There were funny pictures by all the smart, funny artists
And Macy’s ran a terribly clever ad:
“The Widow’s Termite” or something.
There was no
Disturbance. Even the Communists didn’t protest
And say they were Morgan hirelings. It was too hot,
Too hot to protest, too hot to get excited,
An even African heat, lush, fertile and steamy,
That soaked into bone and mind and never once broke.
The warm rain fell in fierce showers and ceased and fell.
Pretty soon you got used to its always being that way.
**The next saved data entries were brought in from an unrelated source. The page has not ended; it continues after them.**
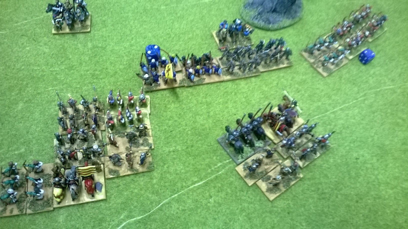 The English army was quite equally divided into three commands. Ken went for a right wing with lots of punch ( four dismounted and two mounted Knights). In the French centre was a bombard and four units of pavisiers. He refused his left wing on the hill , with two elite Knights and three mediocre crossbow units. Bidets skirmished between the French ‘battles’.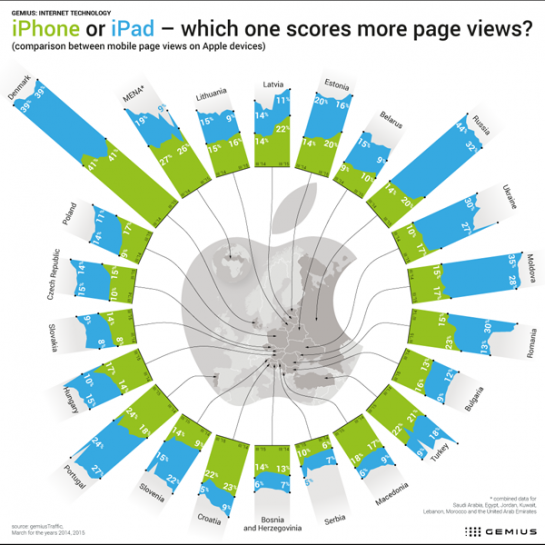 Podatki za Slovenijo pokažejo, da je marca 2014 do spletnih strani z mobilnika iPhone prihajalo 9 odstotkov prometa, marca 2015 pa je delež znašal že 14 odstotkov. Nasprotno pa je delež obiska s tablice iPad upadal, z 22 odstotkov leta 2014 je padel na 15 odstotkov v letu 2015.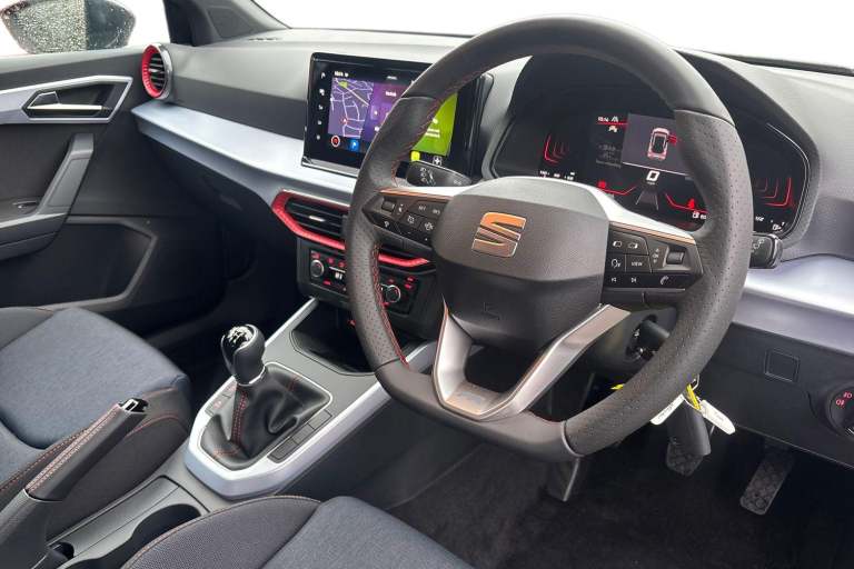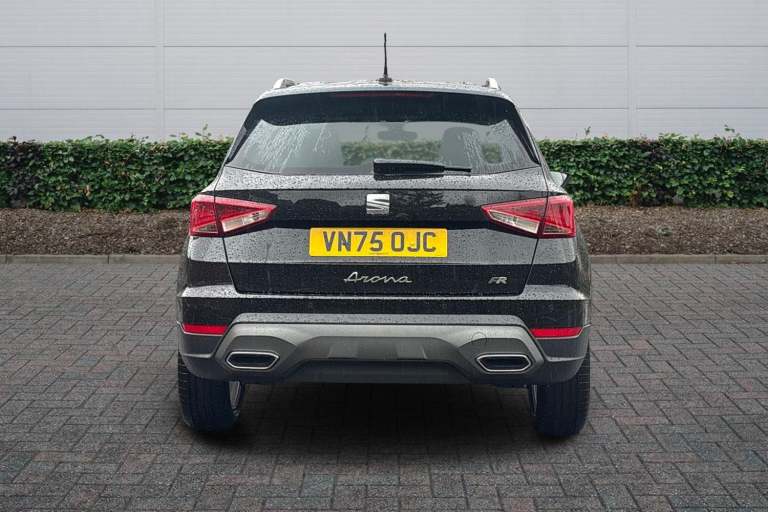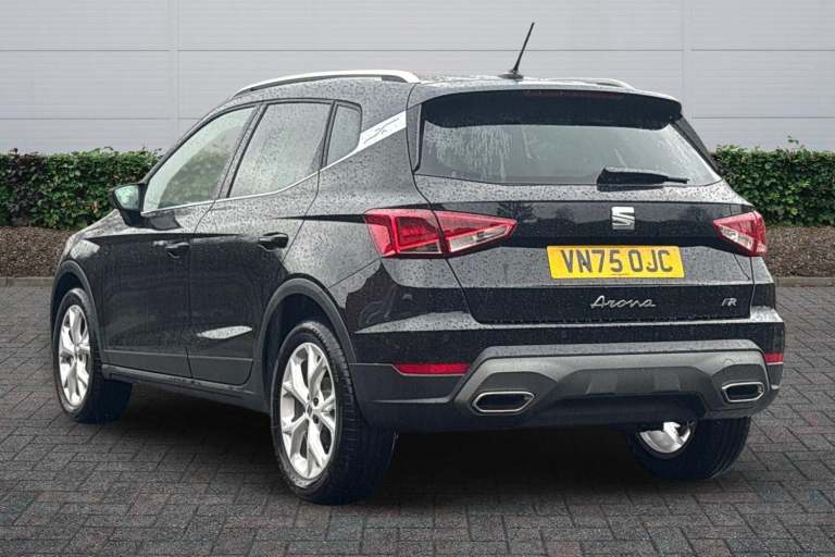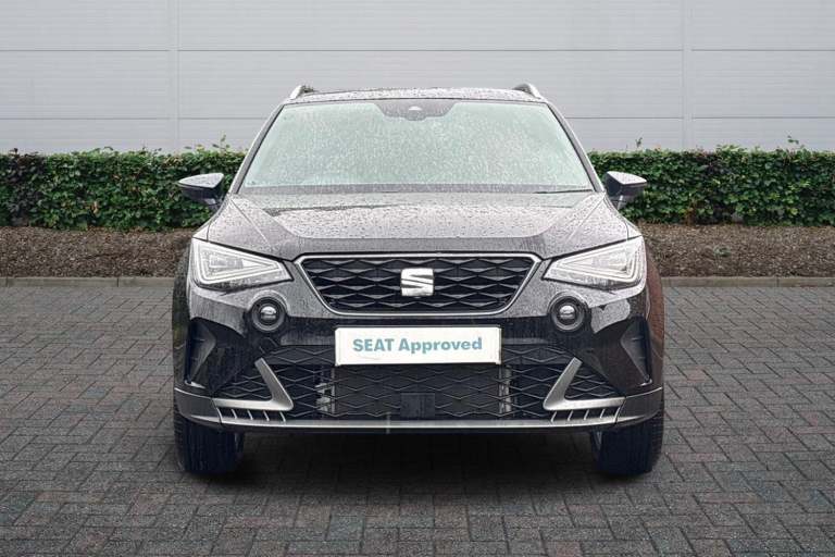 Available from 03/05/2026. SEAT Arona Hatchback 1.0 TSI 115 FR 5dr in Midnight Black Grey Roof. Specification Includes Exterior Features,Metallic Paint With Contrast Roof,Audio / Communications,6 Speakers,Interior Features,Daring Red Illuminated Coloured Air Vent,Packs,Safety And Driving Pack (m) - Arona,Wheels,Emergency Tyre Repair Kit,Paint - Metallic,Metallic - Midnight Black With Grey Roof,Trim - Cloth,Cloth - Navy/Black,Exterior Features,Dark Tinted Rear Windows,Electric Front/Rear Windows,Rain Sensing Wipers,Rear Window Wash/Wipe,Anti Theft Roof Antenna,Body Coloured Bumpers,Body Coloured Door Handle Inserts,Chrome Roof Rails And Window Surrounds,Protective Side Mouldings,Rear Side Wing Doors,Rear Spoiler,Twin Exhaust Pipe Styling Hidden Exhaust Pipe,Visible Vin Plate,Automatic Activation Of Hazard Warning Lights,Front Fog Lights With Cornering Function And Rear Fog Light,Full Led Automatic Headlights With Dynamic Headlight Range Control- Coming And Leaving Home- Led Daytime Running Lights,Led Rear Tail Lights And Licence Plate Lights,Third Brake Light,Safety,Abs,Emergency Brake Assist (eba) And Front Assist,Hill Hold Control,Multi-Collision Braking,Traction Control,Electric Speed Sensitive Power Steering,Lane Keeping System,Seat Drive Profile - Four Different Models Normal-Sport-Eco-Individual- Steering Response- Throttle Response,Auto Dimming Interior Rear View Mirror,Electrically Adjustable- Heated And Folding Door Mirrors,Roof Colour Door Mirrors,3 Point Seatbelts On All Rear Seats,Active Front Headrests,Child Locks On Rear Doors,Driver And Front Passenger Airbags With Front Passenger Airbag De Activation- Front Side And Curtain Airbags,Front And Rear Seatbelt Reminder,Tiredness Recognition System,Tyre Pressure Monitoring System,Audio / Communications,E-Call,9.2in Colour Touchscreen With Navigation System- Voice Control And Usb Port (type C),Bluetooth Interface For Hands Free And Audio Streaming,Dab Digital Radio And Am/Fm Radio,Steering Wheel Mounted Audio Controls,Driver Convenience,Wireless Phone Charger,Miscellaneous,'lights On' Reminder Warning Buzzer,8in Digital Cockpit,Digital Clock,Full Link Smartphone Integration With Mirror Link- Wireless Apple Carplay- Google Android Auto + Usb Type C Cable For Apple And Android Devices,Low Fuel Warning Light,Outside Temperature Display,Rpm Counter,Trip Computer,Trim,Titan Black Dashboard,3 Seat Bench In 2nd Row,60/40 Split Folding Rear Seat,Height Adjustable Front Seats,Isofix Points In Outer Rear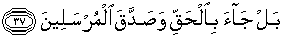 37. Sebenarnya dia (Muhammad) telah datang membawa kebenaran dan membenarkan rasul-rasul (sebelumnya).
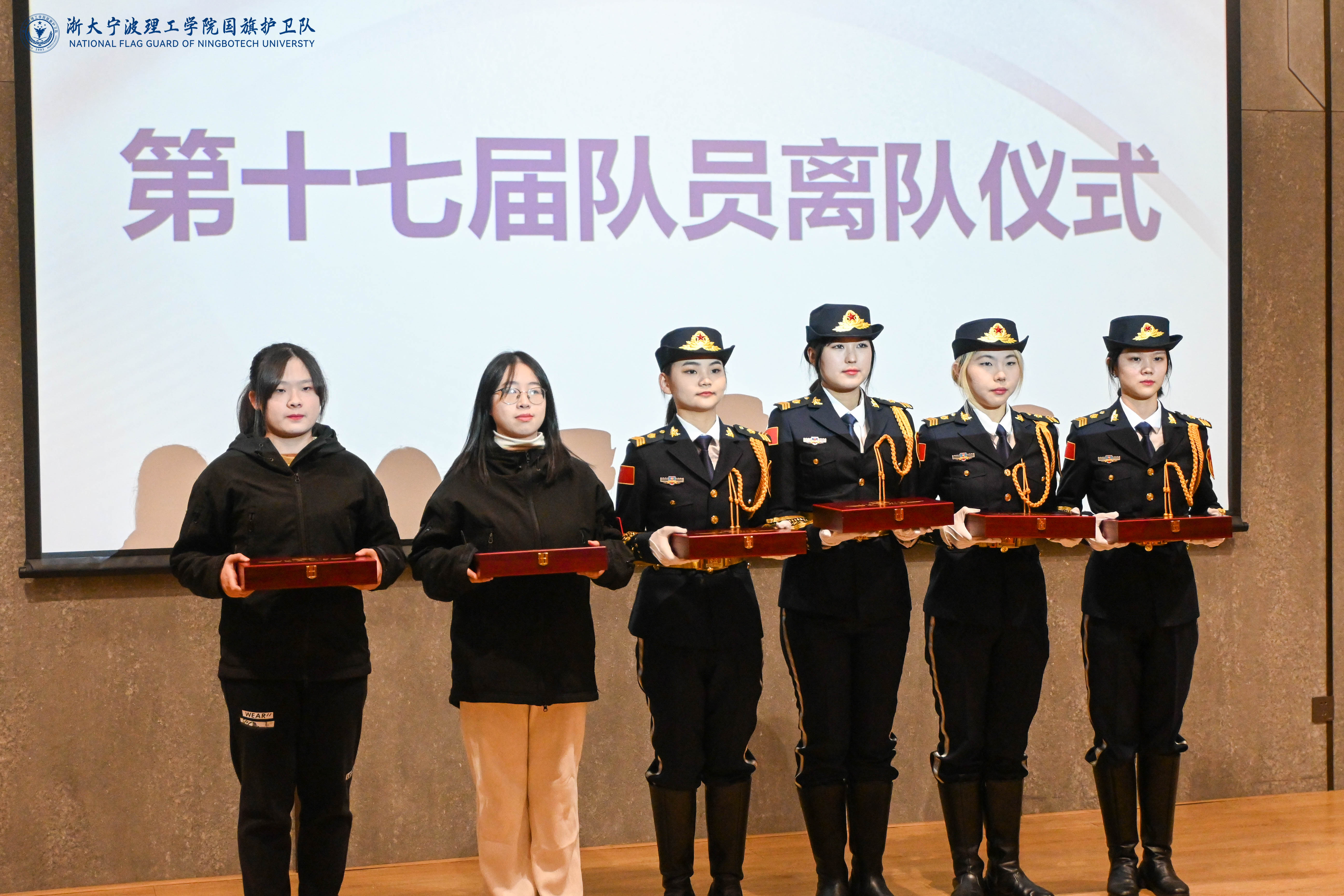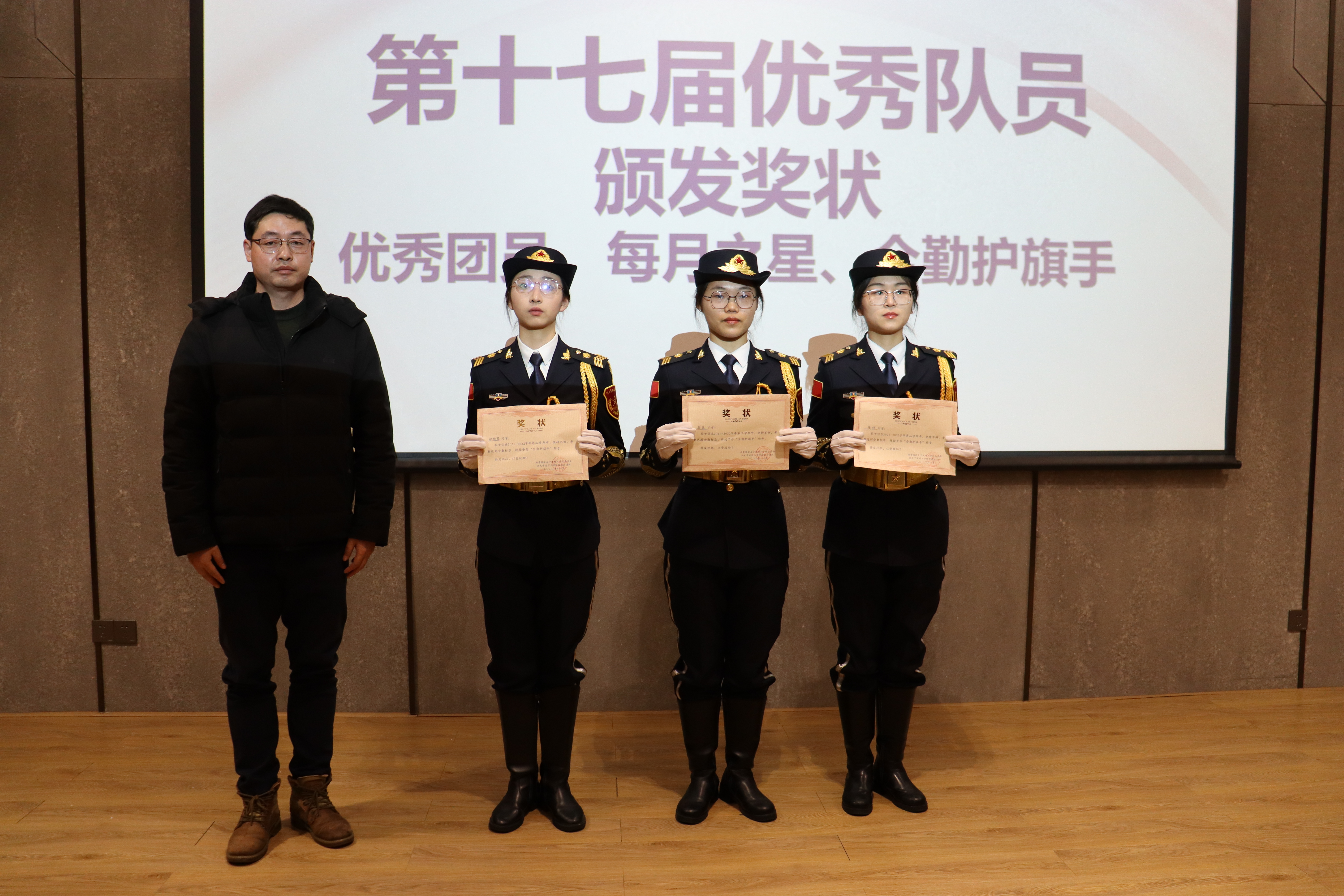 “你们曾看过第一缕晨曦的阳光,也见过深夜里闪烁的星河,去往旗台的每一寸道路都是你们的青春足迹。”离队仪式上,第十七届国旗护卫队队长于家辰发言,汇报了国旗队2021-2022年度的工作重点和主要成果。李炜为第十七届优秀队员颁发奖状,激励队员们奋发向上。新队员为第十七届离队队员颁发荣誉礼盒及证书,感谢他们这一年里的辛勤付出。第十七届队员代表王易发言,在回忆青春护旗岁月中坚定了未来奋斗的方向。

You got used to the changed rhythm, the altered beat,
To people walking slower, to the whole bright
Fierce pulse of the city slowing, to men in shorts,
To the new sun-helmets from Best’s and the cop’s white uniforms,
And the long noon-rest in the offices, everywhere.
It wasn’t a plan or anything. It just happened.
The fingers tapped slower, the office-boys
Dozed on their benches, the bookkeeper yawned at his desk.
The A. T. & T. was the first to change the shifts
And establish an official siesta-room;
But they were always efficient. Mostly it just
Happened like sleep itself, like a tropic sleep,
Till even the Thirties were deserted at noon
Except for a few tourists and one damp cop.
They ran boats to see the big lilies on the North River
But it was only the tourists who really noticed
The flocks of rose-and-green parrots and parakeets
Nesting in the stone crannies of the Cathedral.
The rest of us had forgotten when they first came.

There wasn’t any real change, it was just a heat spell,
A rain spell, a funny summer, a weather-man’s joke,
In spite of the geraniums three feet high
In the tin-can gardens of Hester and Desbrosses.
New York was New York. It couldn’t turn inside out.
When they got the news from Woods Hole about the Gulf Stream,
The Times ran a adequate story.
But nobody reads those stories but science-cranks.

Until, one day, a somnolent city-editor
Gave a new cub the termite yarn to break his teeth on.
The cub was just down from Vermont, so he took his time.
He was serious about it. He went around.
He read all about termites in the Public Library
And it made him sore when they fired him.
So, one evening,
Talking with an old watchman, beside the first
Raw girders of the new Planetopolis Building
(Ten thousand brine-cooled offices, each with shower)
He saw a dark line creeping across the rubble
And turned a flashlight on it.
“Say, buddy,” he said,
“You’d better look out for those ants. They eat wood, you know,
They’ll have your shack down in no time.”
The watchman spat.
“Oh, they’ve quit eating wood,” he said, in a casual voice,
“I thought everybody knew that.”
—and, reaching down,
He pried from the insect jaws the bright crumb of steel.